The ECT sector has shown notable economic progress in Canada, contributing 3.0% to Canada’s GDP in 2023 (Statistics Canada 2024). From 2012 to 2021, the ECT sector’s real GDP expanded by 21%, outpacing the broader economy’s growth rate of 15% (Jiang 2023). ECT exports also grew faster than total exports; this export growth was primarily driven by increased shipments of ECT goods, whereas ECT service exports represented a smaller share (Jiang 2023). Furthermore, when comparing clean technology-supported firms with those engaged in other business innovation and growth support (BIGS) program streams from 2016 to 2023, ECT firms were found to be smaller, newer and typically employed a more highly educated workforce (Carta and Demers 2023). Notably, ECT-supported firms outperformed other BIGS participants, particularly in productivity growth: from 2018 to 2021, the median increase in productivity among firms receiving clean tech support was $14,300 per employee, compared with $13,500 among all other BIGS recipients. Beyond firms participating in the production of ECT goods and services, Canadian industries have become more energy efficient. From 2009 to 2022 real GDP grew by 33.1%, while energy use grew 8.2% (Daraji and Li 2025).
These findings highlight that green activities, including clean technology adoption, may simultaneously address climate change concerns and enhance economic competitiveness.

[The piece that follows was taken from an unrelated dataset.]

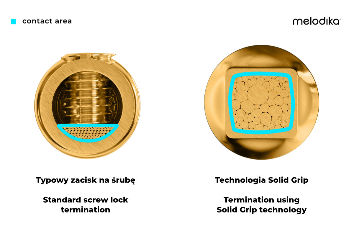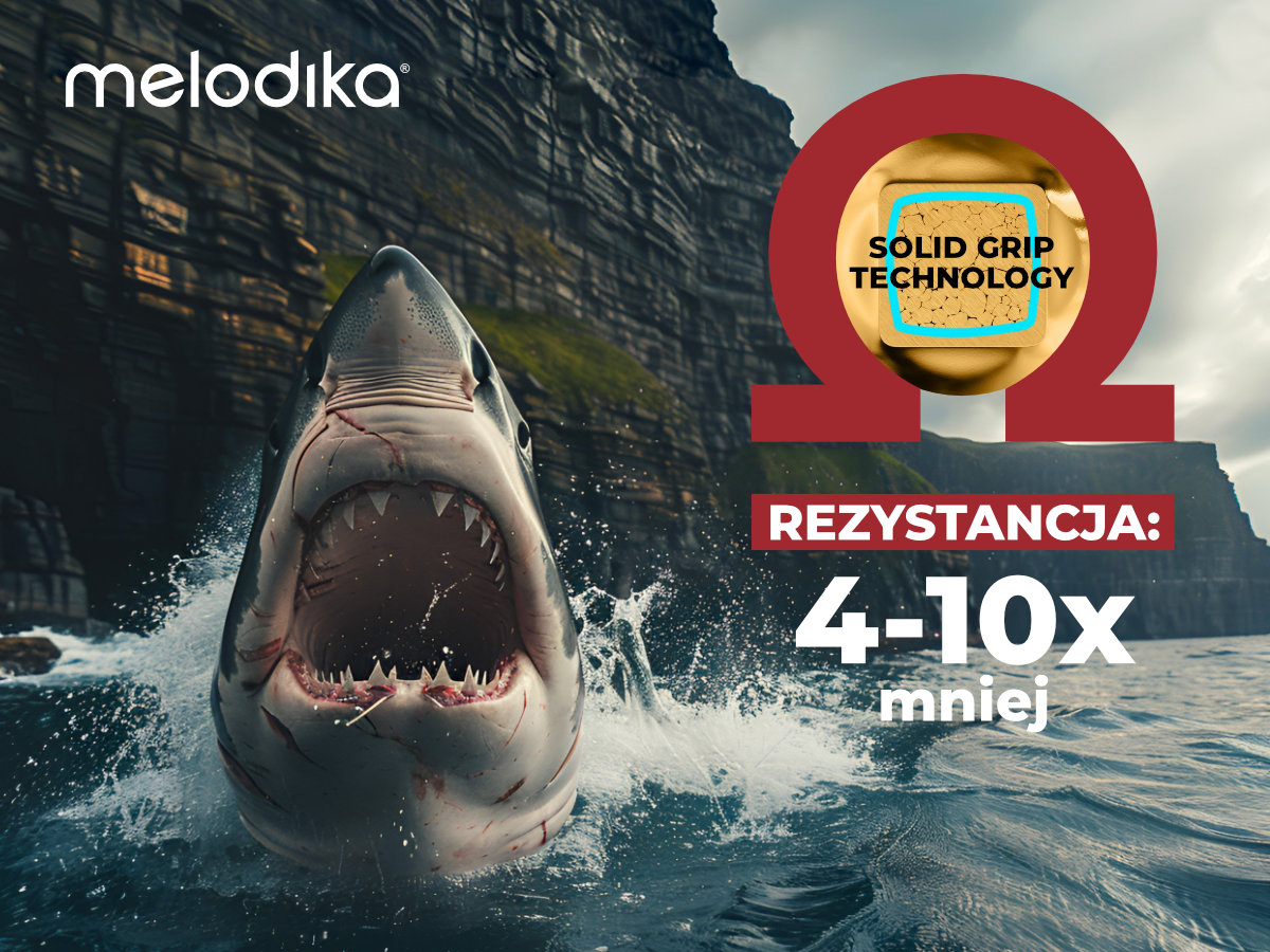 Siła nacisku szczęk żarłacza białego to prawie 2 tony/cm. Teraz z taką samą siłą zaciskane są połączenia wtyków kabli marki Melodika. Solid Grip to technologia szczelnego łączenia wtyków z przewodem głośnikowym bez użycia lutowania. W przeciwieństwie do standardowego połączenia z użyciem zacisków śrubowych, Solid Grip polega na zaciśnięciu odpowiednio przygotowanego wtyku na przewodzie głośnikowym za pomocą prasy, która oddziałuje z siłą ca 2000 kg na 1 cm kw. Pozwala to na szczelne sprasowanie wszystkich żył razem z wtykiem w sposób, który eliminuje wolne przestrzenie pomiędzy nimi i maksymalizuje powierzchnię styku. Taka technologia zapewnia niezawodne, trwałe połączenie, które jest odporne na utlenianie i oferuje znakomitą przewodność elektryczną o zmniejszonym oporze.

3 Data sources and development
This paper leverages a variety of data—existing indicators of green activity employed in this paper and Statistics Canada’s administrative datasets—to capture the level of green activity across the economy. They are synthesized into a three-tiered index where industries are sorted into low, medium and high green-intensity groups. This section provides an overview of the data sources and the development of such an index.
3.1 Data sources
3.1.1 Green activities
Four sets of indicators from Statistics Canada and other sources are considered, shedding light on green activities related to the production of goods and services, the adoption and maintenance of capital and technology, and the intensity of green tasks across industries.
Green goods and services
In 2012, the U.S. Bureau of Labor Statistics produced a list of industries with green goods and services (GGSs), where GGSs were broadly defined as any product or service that benefits the environment or conserves natural resources.Note This list, prepared at the six-digit NAICS level, recognized 325 national industries as potentially producing GGSs. This list was cross walked with the 2022 Canadian NAICS, resulting in 244 industries linked to GGSs.Note GGSs were further categorized into the following five categories:
- renewable: the production and management of electricity, heat or fuel generated from renewable sources such as wind, solar and biomass
- efficiency: products and services that improve energy efficiency
- remediation: the reduction and removal of greenhouse gases and pollution more broadly
- conservation: products and services that conserve natural resources
- compliance: the enforcement and creation of public awareness of environmental issues and regulations (including education and training related to clean technologies and environmentally friendly practices).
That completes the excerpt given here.